(Data extracted from a collection)
-- Opening Marker --

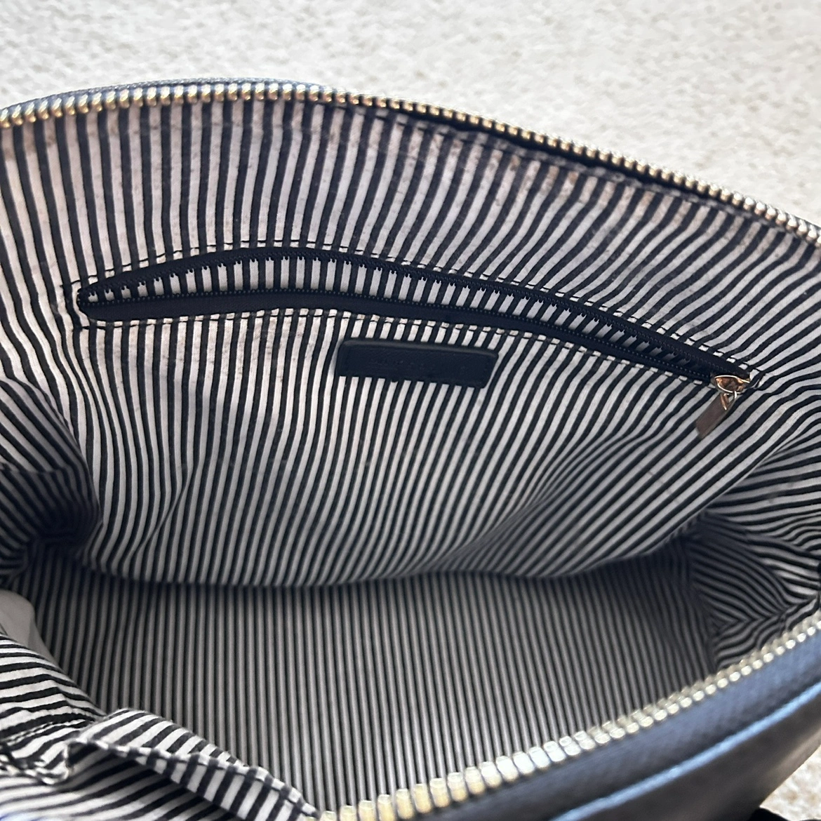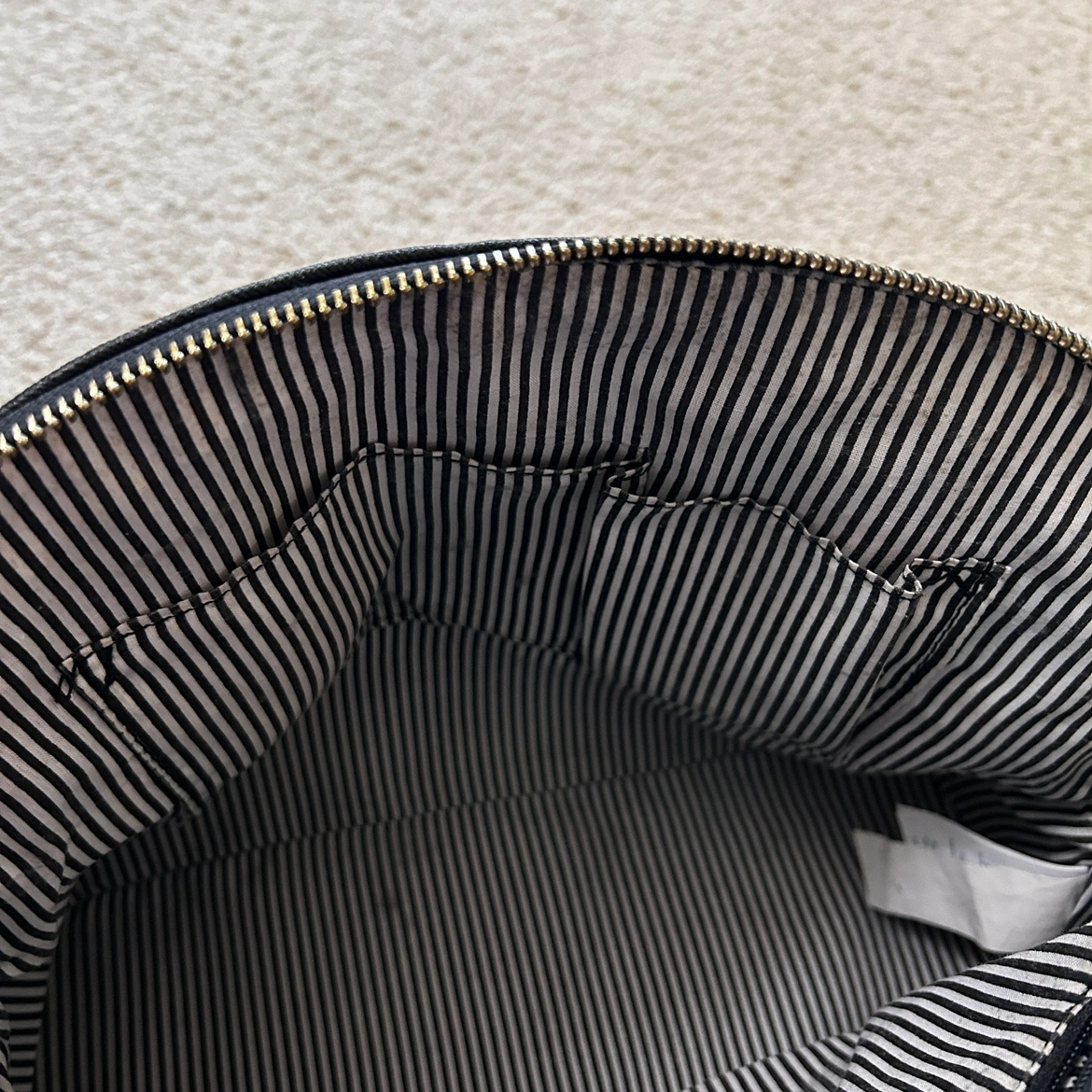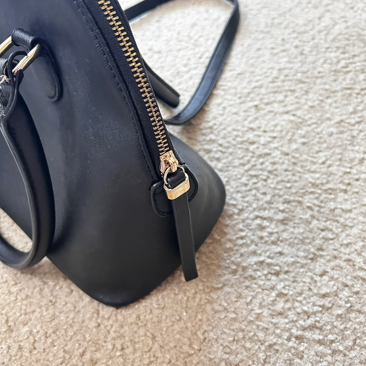 Black handbag with a gold lock, top zipper closure and removable strap. Has interior multiple pockets. Cute for work, school or going out.
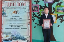 Ученика 7 класса МБОУ СОШ 11 Токмачева Никиту с победой в XXVIII научно-практической конференции школьников "ОТКРЫТИЕ",посвященной Году педага и наставника.
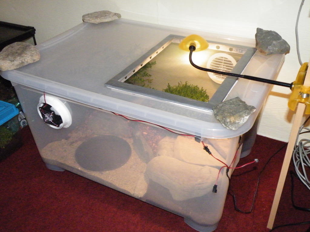 Vetrak je to s docela nizkyma otackama a termoregulaci, puvodem z PC neni. Ma to byt takove preventivni opatreni proti plisni v zadni casti teraria, kde je miska s vodou. Fouka smerem nahoru na spodni stranu vika, kde v lete obcas kondenzuje voda. Had (L.g.californiae) v tom zije od minuleho jara a zatim nemel zadne problemy. Je ale pravda, ze lepsi by bylo udelat jeste druhy otvor se sitkou. Tento rok budu delat nove, tak se to pokusim vyresit lip.
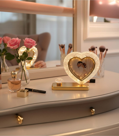 Lstri Sevgililer Ve Anneler Günü Led Işıklı Kristal Vazolu Fotoğraf Çerçevesi - 25X28Cm
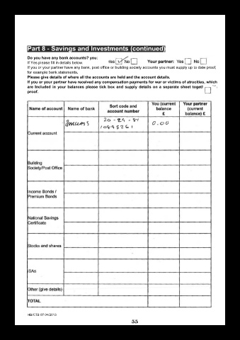 If you or your partner have any bank, post office or building society accounts you must supply up to date proof,
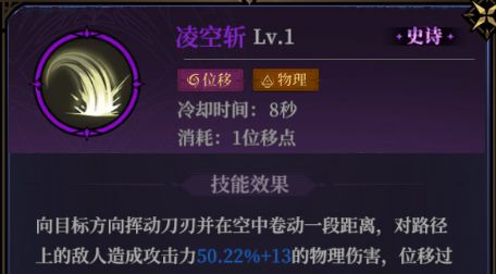 凌空斩:少有的物理系跳跃位移伤害法术,位移过程中造成伤害且有较短的无敌时间,升阶后不仅增加给敌人上debuff的能力,还能提升法术伤害。

-- Closing Marker --

◆ What to produce:
All that is needed is an exact copy of the lines from the top of the entries through the line containing "Ученика 7 класса", pictures left out.

◆ Written response:
 Black handbag with a gold lock, top zipper closure and removable strap. Has interior multiple pockets. Cute for work, school or going out.
 Ученика 7 класса МБОУ СОШ 11 Токмачева Никиту с победой в XXVIII научно-практической конференции школьников "ОТКРЫТИЕ",посвященной Году педага и наставника.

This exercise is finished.